Most of the items of military intelligence interest never made it to the Offenbach Depot for sorting. They were shipped directly to the US research institutions for disposal. However, many items of interest popped up during the sorting process. In January 1948, 1,157 shipments were made from the Offenbach depot to "the G-2 Document Control Section." The report does not indicate how many other shipments were made to the US Army Corps of Engineers or Military Intelligence operations before or after that date, nor how many items were in the numerous shipments to G-2.

==Reparations==

About one million books that were still at the Offenbach Archival Depot in 1946 were never returned to the USSR because of a US decision not to repatriate unclaimed Jewish property, property of the Baltic republics (whose annexation by the Soviet Union was not recognized), or that of exile groups and institution like the Cossacks or Russian Orthodox Church...

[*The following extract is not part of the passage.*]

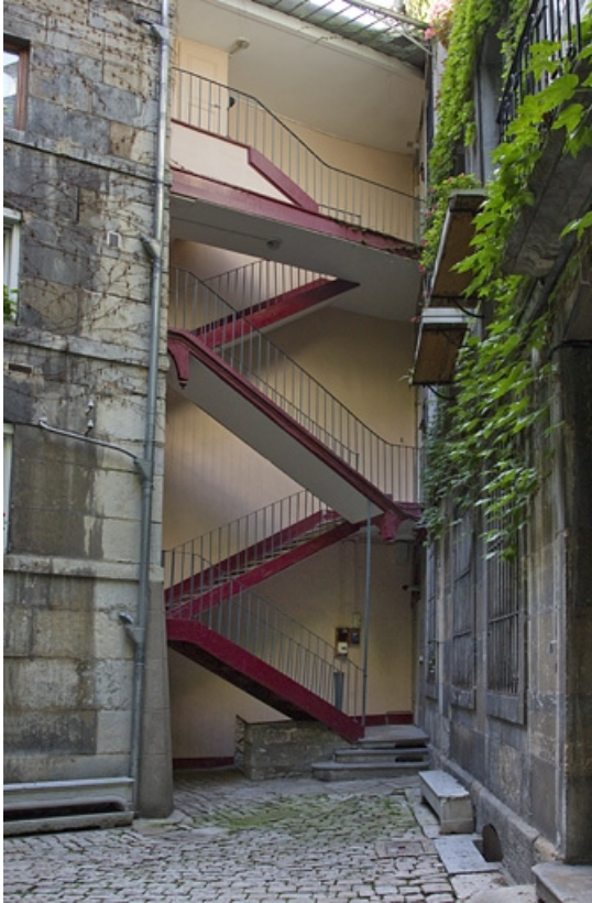
Vue d'ensemble de l'escalier à cage ouverte sur cour, de face.

25, Besançon, 1 rue Lecourbe, lieudit : îlot Refuge

After the war, many of the books hidden by the Germans were collected by the Monuments, Fine Arts and Archives section of the American military government, and collected at the Offenbach Depot. There, many of the larger collections were identified and eventually returned to their owners. By the end of 1948, "...the French regained the archives of the Paris bank of Rothschild Freres, the Libschutz Librairie de Paris, the library of the Alliance Israelite Universelle de Paris, the library of the Ecole Rabbinique de Paris, and the Biliothèque de Chinon."

Across the Main River in Offenbach, the Central Collecting Point for Judaica has opened its doors. Mournfully, in row upon row, it displayed objects of every-day Jewish life, religion and culture pilfered from East European shetl, impounded from Dutch and Belgian museums, confiscated from French or German Jews. In its cabinets bolted with iron bars there were letters, pictures, Torah scrolls, embroidered ark curtains, brass and silver menorah, Passover plates, and precious books and manuscripts. For Captain Isaac Bencowitz, a Rockefeller Institute chemistry professor, and director of the Central Collecting Point, and for his staff, the daily work of sorting, cataloging, and finding the owners of these objects was a poignant mission. Between March of 1946 and April of 1949 the Offenbach Archival Depot succeeded in returning to survivors, descendents and museums over three million looted items.

==Bibliography==
- The Spoils of War: World War II and Its Aftermath: The Loss, Reappearance and Recovery of Cultural Property. Papers of a Symposium by the Bard Graduate Center for Studies in the Decorative Arts, January 1995, in New York. New York: Harry Abrams, Inc.